Upaya ini dilakukan melalui rapat koordinasi yang melibatkan berbagai instansi pemerintah, regulator, dan perusahaan kontraktor kontrak kerja sama (KKKS).
Pertemuan tersebut menjadi bagian dari komitmen pemerintah untuk menciptakan sistem pengelolaan sumur masyarakat yang memiliki kepastian hukum, memenuhi standar keselamatan, serta berkelanjutan sehingga mampu memberikan manfaat bagi masyarakat, pemerintah daerah, dan negara.
Rapat dihadiri sejumlah pejabat dari berbagai lembaga, di antaranya Tenaga Ahli Menteri ESDM Bidang Administrasi Negara dan Good Governance, Umar Ali Lessy, yang mewakili Menteri ESDM, Penasehat Ahli Kepala SKK Migas Arsyad Achmadin.
Selanjutnya, Kepala Dinas ESDM Aceh Asnawi, Ketua Satuan Tugas Penanganan Pengelolaan Sumur Masyarakat WK Aceh Ibnu Hafizh, Kepala Divisi Monetisasi Minyak dan Gas Bumi BPMA Muhammad Akbarul Syah Alam.
Serta Koordinator Pengawas Eksploitasi Direktorat Jenderal Migas Ma’ruf Afandi, perwakilan SKK Migas, serta jajaran pimpinan PT Medco E&P Malaka, PT Pema Global Energi, dan PT Pertamina Hulu Rokan Zona 1.

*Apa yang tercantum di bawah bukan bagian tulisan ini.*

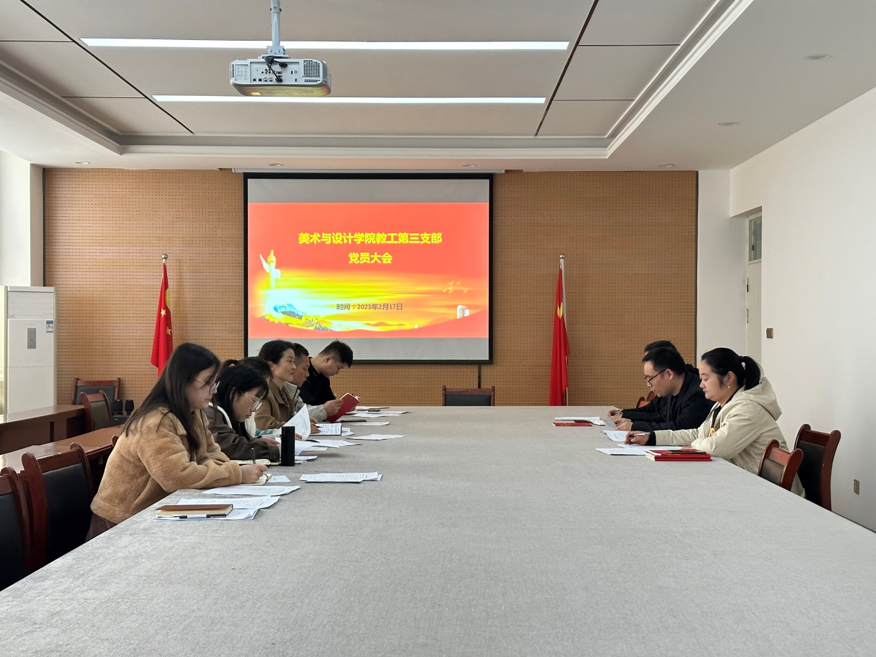 2月17日,美术与设计学院教工第三党支部召开党的二十大报告和党章专题学习会。会上,全体党员集中学习了党的二十大报告和党章,并结合各自工作实际进行交流发言。会议由党支部书记李海鹏主持。
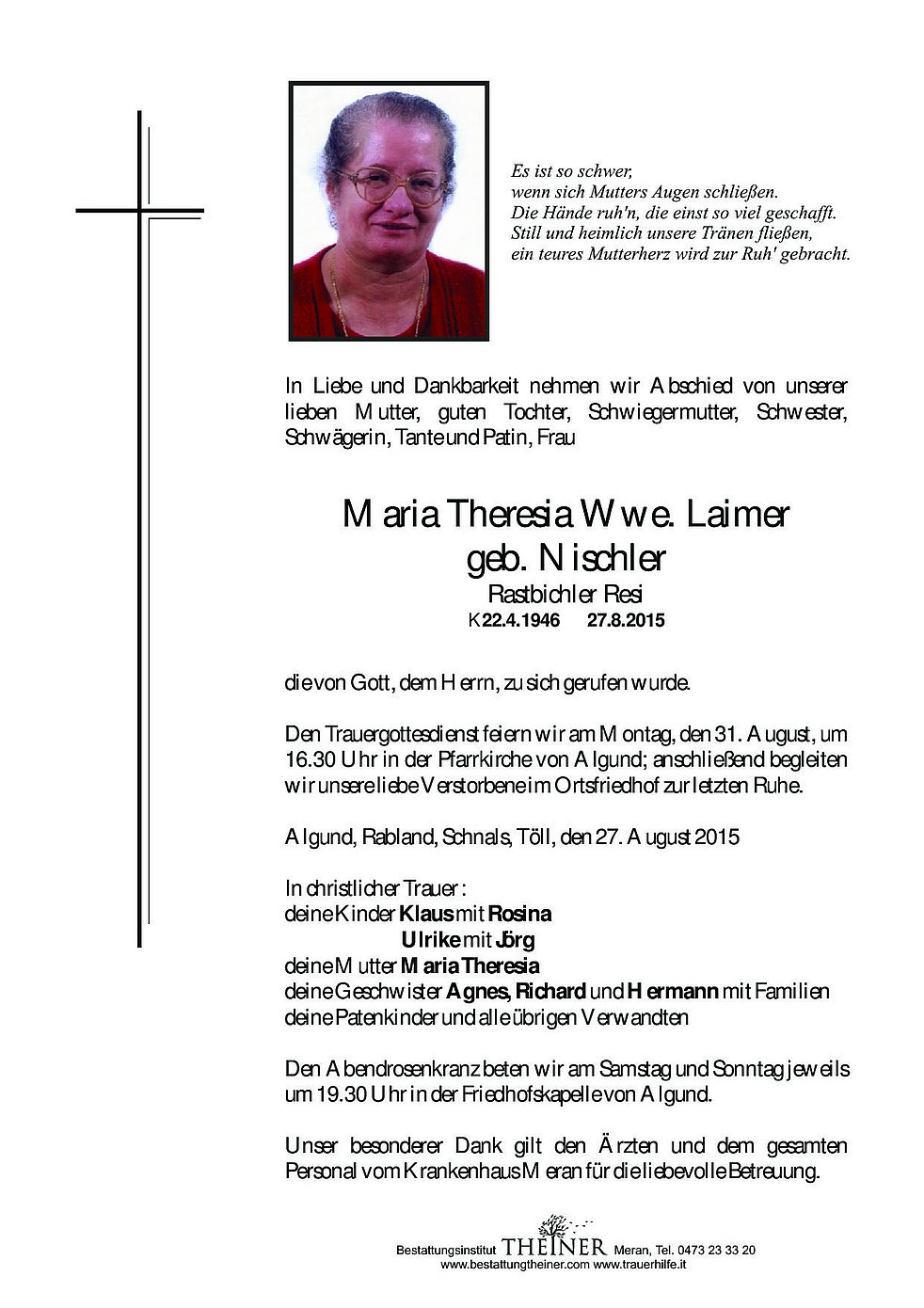 ich möchte euch mein Beileid ausdrücken ,eure Mutter ist von uns gegangen aber in unseren Herzen wird ihr lachen ,ihre Witze ihre Fröhlichkeit immer bleiben, meine Gedanken sind immer bei dem Lied vom Gabalie "Oanmol sgn mir ins wieder"des sicher a zuatreffen wird. Somit liebe Rostbichler Tresl ruhe in Frieden Ulrike Innerhofer von Marlinger Berg
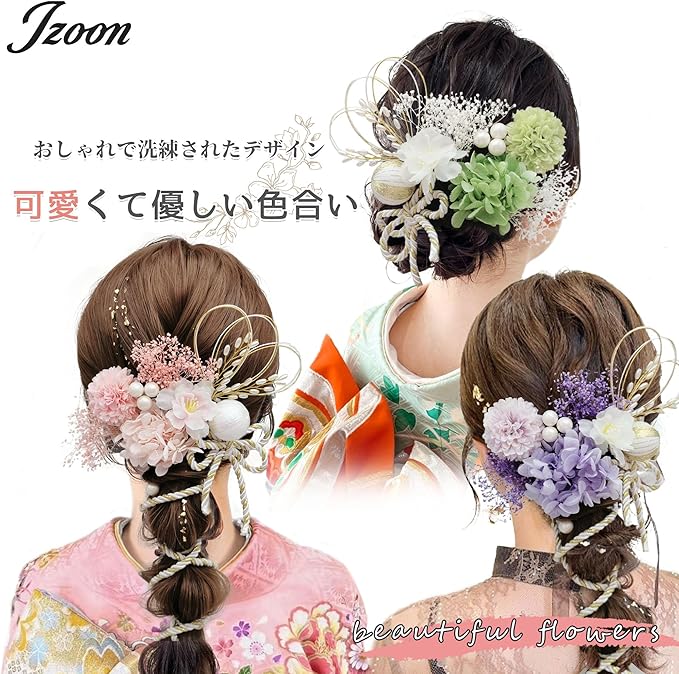 【様々なシーンで】、各パーツがUピンまたはIピン仕様になっております。ご使用時に量を加減でき、色んなアレンジをお楽しめます。成人式や花火大会などの和服シーンにも、結婚式やパーティーなどの洋服シーンにも大変お似合いです。
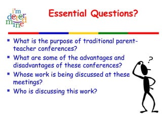 The document discusses the implementation and benefits of student-led conferences, where students lead discussions about their work and progress with their families, shifting the teacher's role to that of a facilitator. These conferences enhance student responsibility for learning, involve families more actively, and provide opportunities for personal reflection and goal setting. The text outlines the roles of students, families, teachers, and administrators in these conferences, as well as tips for preparation and potential portfolios contents.
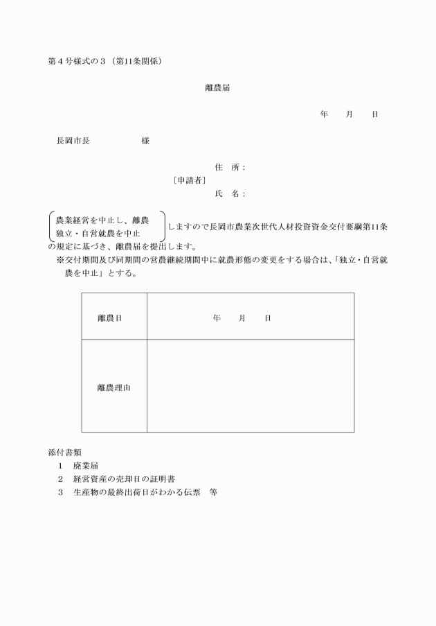 3 交付対象者は、交付期間終了後5年間に農業経営を中止し、離農した場合は、離農後1か月以内に離農届(別記第4号様式の3)を市長に提出するものとする。

Dalam paparannya, Ketua Satuan Tugas Penanganan Pengelolaan Sumur Masyarakat WK Aceh, Ibnu Hafizh, menjelaskan bahwa program tersebut merupakan implementasi dari Peraturan Menteri ESDM Nomor 14 Tahun 2025 yang menjadi dasar hukum pengelolaan sumur masyarakat di Indonesia.
Menurutnya, regulasi tersebut membuka ruang kerja sama yang jelas melalui berbagai skema, seperti kerja sama operasi dan teknologi, kerja sama produksi melalui BUMD, koperasi maupun UMKM, pengusahaan sumur tua, hingga bentuk kerja sama lain sesuai ketentuan yang berlaku.

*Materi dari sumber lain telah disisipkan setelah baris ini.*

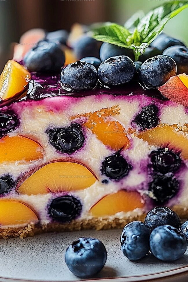 Sweet summer memories bloom in this peach blueberry cake, where juicy fruit and tender crumb dance together. Delicate layers promise pure comfort, inviting you to savor each blissful bite of seasonal delight.
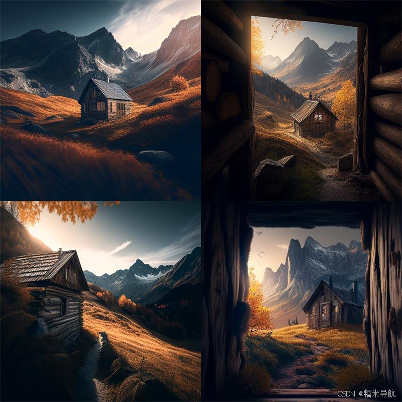 高山上的木屋,可以看到山谷,秋天的小麦和太阳,现实主义,复杂的细节,电影构图,电影照明,Lightroom 画廊,Behance 大赛冠军,专业摄影,无飞溅,低角度
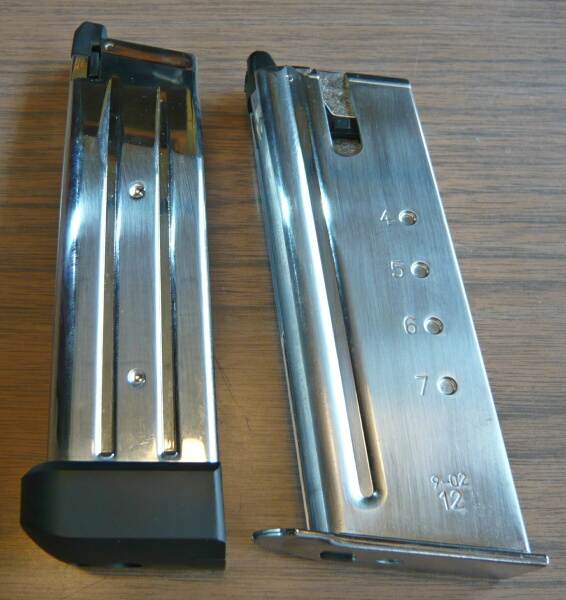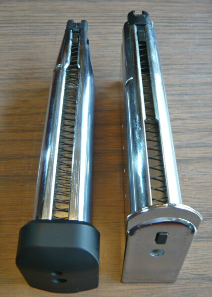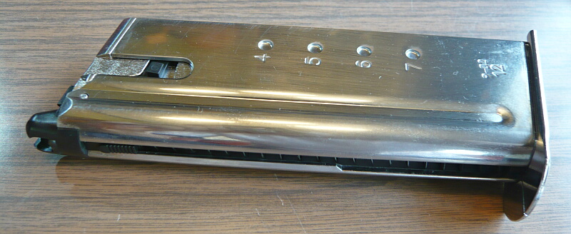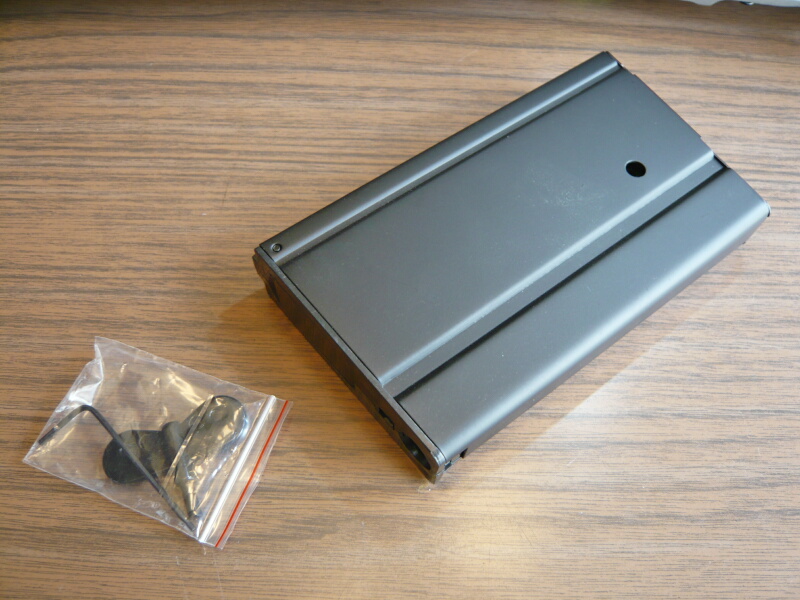 付属の多弾数マガジンは左側面に穴があり、ここへ付属のレンチを挿してゼンマイを巻く事ができます。

Ia menegaskan, keberadaan regulasi tersebut akan memberikan kepastian hukum bagi aktivitas sumur masyarakat yang selama ini berkembang sekaligus membuka ruang pembinaan dari sisi teknis maupun kelembagaan.
Selain menjabat sebagai Ketua Satgas, Ibnu Hafizh yang juga merupakan Kepala Divisi Operasi Produksi BPMA menyampaikan bahwa tim telah melakukan berbagai langkah strategis untuk mempercepat implementasi kebijakan tersebut.
Langkah itu meliputi koordinasi dengan Kementerian ESDM, Direktorat Jenderal Migas, SKK Migas, Pemerintah Aceh, pemerintah kabupaten/kota, hingga para kontraktor kontrak kerja sama (KKKS).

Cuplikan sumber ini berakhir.